豆腐とお好みの野菜を使ったやわらかいハンバーグです。焼きあがったハンバーグを、1つずつラップに包めば冷凍保存も可能です。
■材料
<野菜>
- 玉ねぎ 1/4個
- ニンジン 1/3本(小サイズ)
- 小松菜 2~3枚
<タネ>
- 鶏ひき肉 90g
- 絹ごし豆腐 90g
- 片栗粉 大さじ1
- 醤油 少々
- 油 少々
■作り方
- <野菜>をみじん切りする
- 耐熱容器に1と水少々を入れ、ラップをして600Wの電子レンジで1分半加熱(この時点で野菜は完全にやわらかくしておく)
- ボウルに<タネ>を入れ、混ぜ合わせる
- フライパンを中火にかけ、油をひく
- スプーンで3をすくい、別のスプーンでフライパンに落として形を整える
- 焼き色がついたら裏返し、弱火で6分焼く
手づかみにもおすすめ「大根とニンジンの煮物」

やさしい味の煮物は、カミカミの練習に最適です。

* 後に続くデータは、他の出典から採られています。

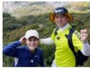
ヒロスケの長崎ぶらぶら山歩き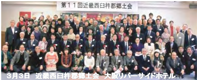
第1回 近畿西白杵郡郷土会 3月3日 近畿西白杵郡郷土会 大阪リバーサイドホテル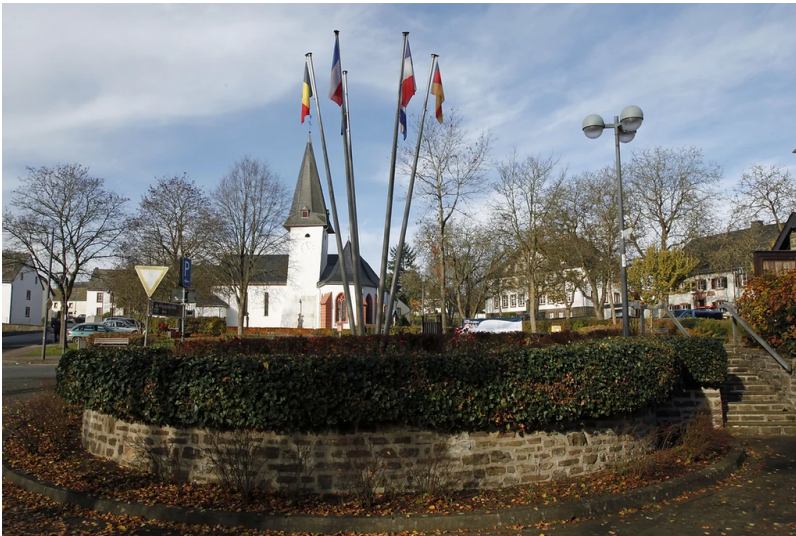
Zentrum der Ortsgemeinde Daleiden (2024)

赤ちゃんの口の横幅よりも大きい小判型にカットすれば、喉の奥に入りづらく手づかみで食べる練習にもなります。
■材料(5食分)
- 大根 150g
- ニンジン 50g
- だし汁 1カップ
- 醤油 少々
■作り方
- 野菜は皮をむき、大根は皮の近くの繊維が硬いので厚めにむき繊維を取り除く
- ニンジンは1cmくらいの厚みで斜めに切る。大根も同じ厚さで太いものは輪切り、細いものは斜めに切る
- 鍋にだし汁と大根、ニンジンを入れて中火でやわらかくなるまで加熱する
- 食材がやわらかくなったら、醤油を入れて風味付けをする
生後9ヶ月の離乳食ではいろいろな食材を体験させよう

生後9ヶ月の赤ちゃんは離乳食後期に進み始める頃です。2回食から3回食になり、食べる量や食べられる食材も増えてきます。母乳やミルクに代わり、1日の栄養を離乳食から摂るようになります。赤ちゃんが食べることに興味を持てるよう食材の形や固さ、味付け、食卓の環境を整えるなどを工夫して、親子で食べることを楽しみながら離乳食を進めましょう。